建安十年,正月十五,上元夜。
新野城內,本應是張燈結彩、賞月觀燈的佳節。然而,空氣中卻彌漫著一股與節日喜慶格格不入的肅殺與壓抑。城頭值守的士卒比平日多了數倍,盔甲在稀薄的月光下泛著冷硬的寒光,警惕的目光不斷掃視著北方漆黑的曠野。城內實行了宵禁,街道空曠,只有巡邏隊整齊沉重的腳步聲,敲打著青石板路,也敲打在每個人的心頭。
鎮北將軍府,戒備比往日森嚴了何止十倍。明哨暗樁,層層布防,連一只多余的飛鳥也難以悄無聲息地靠近核心區域。府內深處,一間位置隱秘、墻壁厚實、門窗緊閉的密室內,燭火通明,卻照不散彌漫其中的凝重空氣。
一場決定未來命運的絕密會議,正在這里舉行。
與會者寥寥,卻皆是趙云集團絕對的核心:從汝南星夜兼程趕回的陳登,總攬情報與商業的糜竺,大將張合,新生代將領代表關平,以及剛剛被納入核心圈的周倉。

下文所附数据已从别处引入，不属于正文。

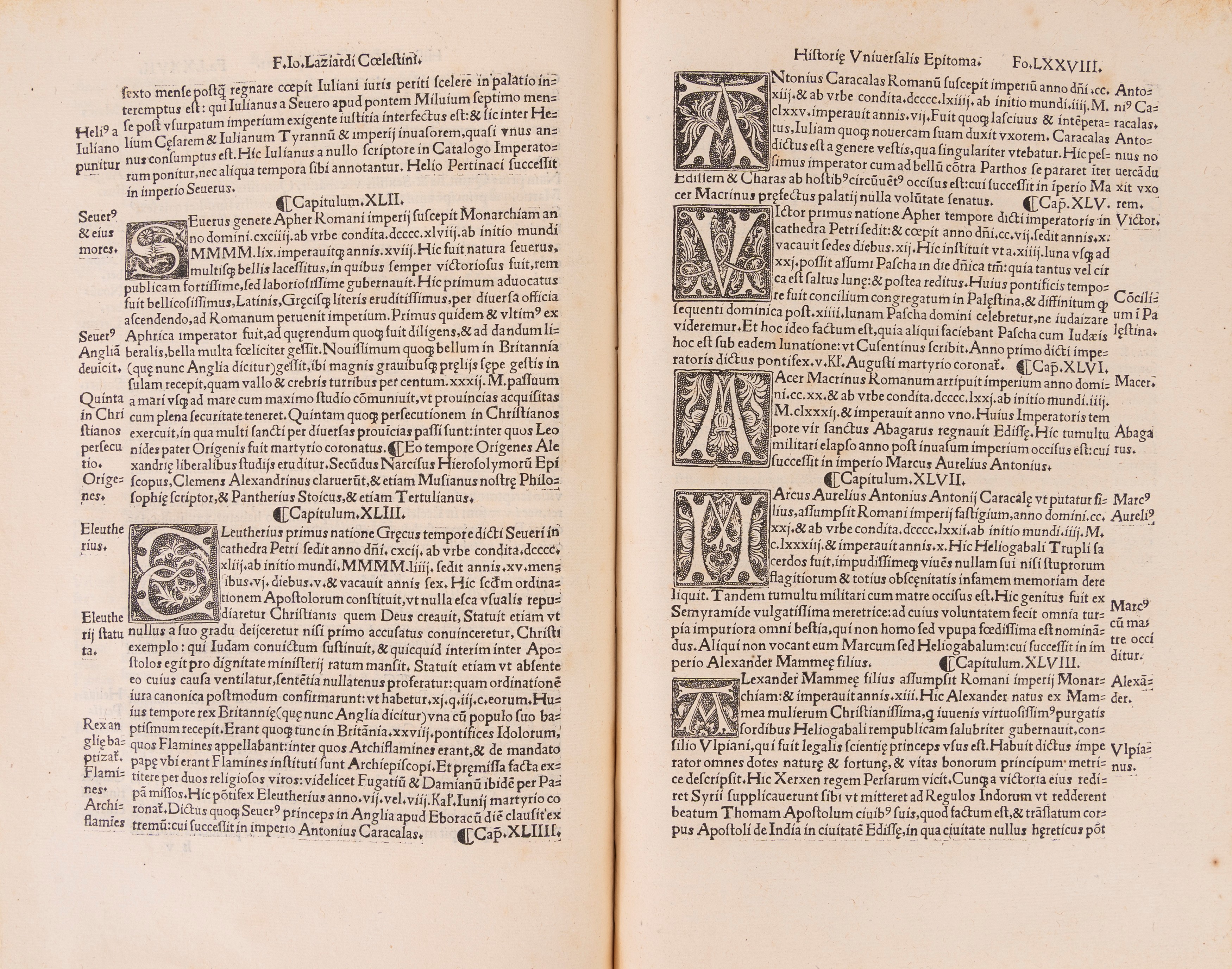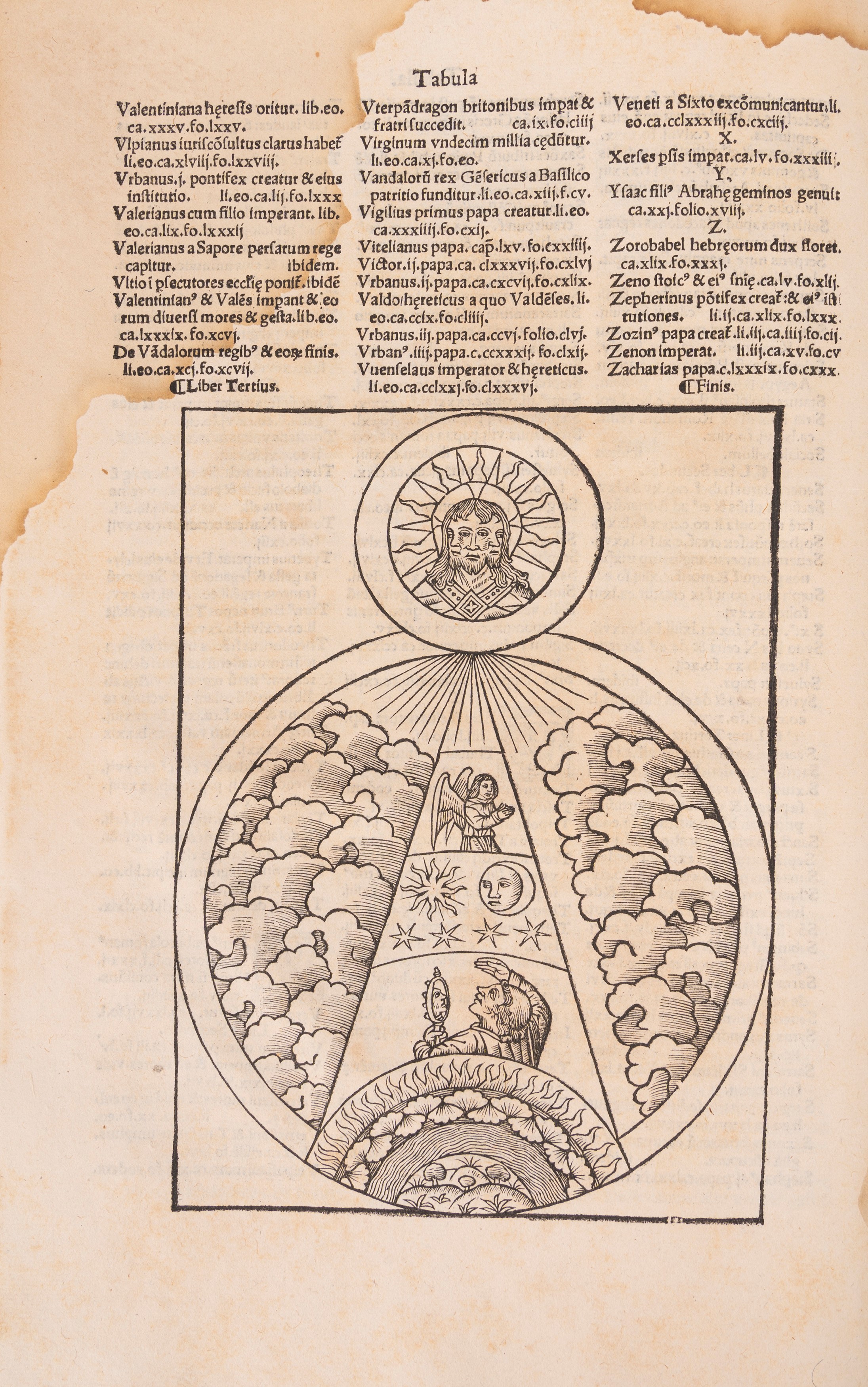 After examining the ancient Semitic period, as well as the classical Greek and Roman periods, the work focuses primarily on European history from the founding of the Holy Roman Empire. Chapters on India, Persia, and Africa are included in the early biblical sections. There were apparently three separate editions of this work containing the symbols of Le Fèvre, Kerver, or Conrad Resch within the elaborate woodcut title, and Le Fèvre's edition appears to be the rarest, as Renouard-Moreau omits any mention of his symbol (Renouard 600 and 602), which appears in our copy, citing only the symbols of Kerver and Conrad Resch.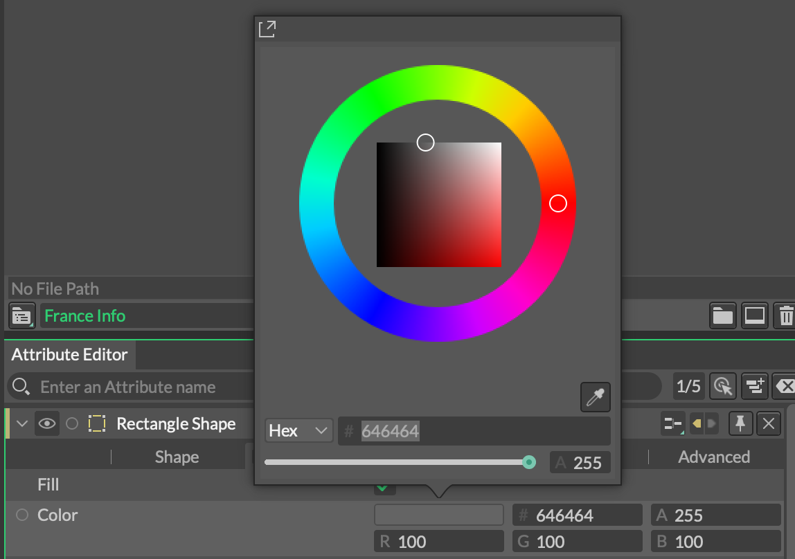 An attribute containing R, G, B, A and hex values. Note - the hex value cannot be animated.

關羽、張飛不在其列,他們的立場雖然微妙,但在此等關乎集團根本戰略走向的絕密議題上,趙云選擇了最核心的班底。
密室中央,巨大的荊襄及周邊地域地圖鋪在長案上,山川河流,城池關隘,各方勢力犬牙交錯。地圖上,代表曹軍動向的黑色箭頭,正從宛城、葉縣方向,如同擇人而噬的毒蛇,緩緩指向新野。
會議已進行了許久,氣氛壓抑。眾人剛消化了曹操即將大舉南征的駭人消息,正在商討緊急應對之策:如何加固城防,如何調配兵力,如何向襄陽施壓,如何聯絡江東……這些都是迫在眉睫的戰術問題。
然而,就在眾人討論漸趨激烈時,一直沉默傾聽的趙云,忽然抬手,止住了所有的聲音。他站起身,走到地圖前,目光并未停留在近在咫尺的新野或襄陽,而是緩緩地、深遠地掃過整幅地圖,從北方的中原,到東面的江淮,再到西面的巴山蜀水,最后,甚至掠過了南方的交趾。
“諸位,”趙云開口,聲音不高,卻帶著一種奇異的穿透力,瞬間吸引了所有人的注意,“適才所議,皆為應對曹賊南下之急策。然,兵來將擋,水來土掩,終是疲于應付。我等立足荊襄,已近一年,內政漸穩,外患卻日亟。今日曹賊洶洶而來,縱能暫退其鋒,然明日孫仲謀未必不會趁火打劫,后日劉景升、蔡瑁之流,又安知不會再生歹心?”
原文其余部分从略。